Crystallize stores every run under data/<experiment>/vN/. The completion marker .crystallize_complete and accompanying metadata.json allow later runs to skip work. Two strategies control this behaviour.

1. Strategies

Strategy	Behaviour
`"rerun"` (default)	Always execute the experiment, ignoring cached artifacts.
`"resume"`	If the latest run completed (baseline + all active treatments) and artifacts are still present, load metrics and artifacts instead of re-running.

You can set the strategy per experiment (experiment.strategy = "resume") or pass strategy="resume" to Experiment.run() / ExperimentGraph.run().

2. When Does Resume Re-run?

Even under resume, Crystallize re-executes an experiment when:

The pipeline signature changes (code edits or new parameters).
Treatments differ from the cached run (new names or different apply payloads).
Upstream dependencies rerun and publish new artifacts.
The completion marker or metadata is missing.

These rules are covered by the test suite (tests/test_experiment_graph.py, tests/test_experiment_graph_resume.py).

3. Mixed Replicates

Artifact metadata stores the replicate count of the producing experiment. When a downstream experiment has more replicates than the upstream producer, Artifact.fetch cycles indices so replicate i reads i % upstream_replicates.
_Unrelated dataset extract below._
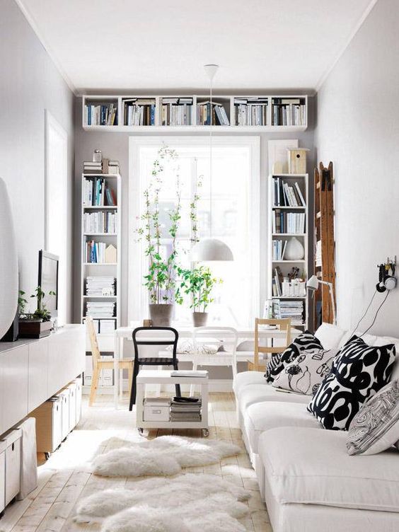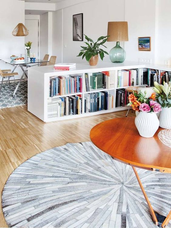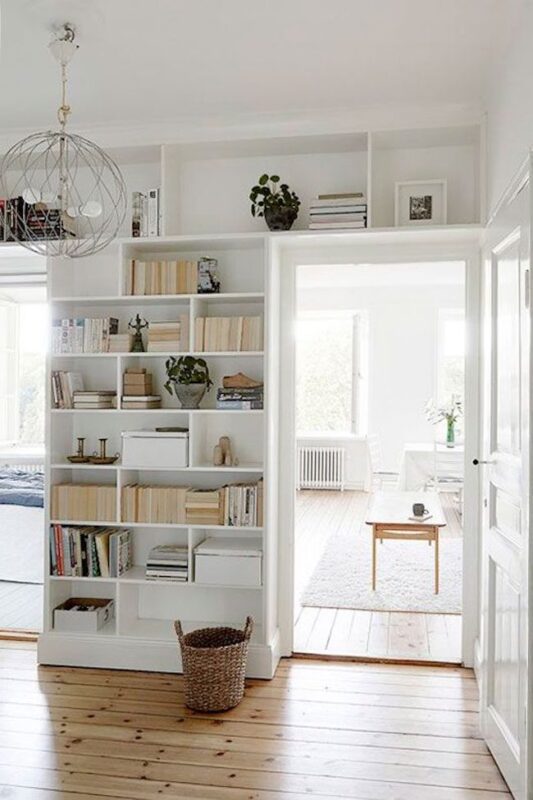 Un’altra regola è quella di utilizzare, negli spazi molto piccoli o poco luminosi, gli scaffali al posto delle librerie: oltre ad essere più leggeri come impatto visivo, potete posizionarli come meglio credete.

This lets you generate expensive artifacts once and reuse them many times.

4. Example: Skipping Work

graph = ExperimentGraph.from_yaml("experiments/consumer/config.yaml")

# First run produces artifacts
graph.run(replicates=10)

# Second run loads existing results
graph.run(strategy="resume")

Use logging (or the CLI) to confirm that steps are skipped: cached steps show lock icons in the run screen, and plugins such as LoggingPlugin(verbose=True) emit messages when resume loads stored metrics.

5. Manual Cache Controls

Delete data/<experiment> to force a full rerun.
Toggle caching for specific steps in the CLI (l on the run screen) to recompute only the parts you care about.
Set ArtifactPlugin(versioned=True, artifact_retention=N) to keep multiple runs and prune older ones automatically.

Understanding these knobs keeps large DAGs responsive while guaranteeing fresh results when you change code or configuration.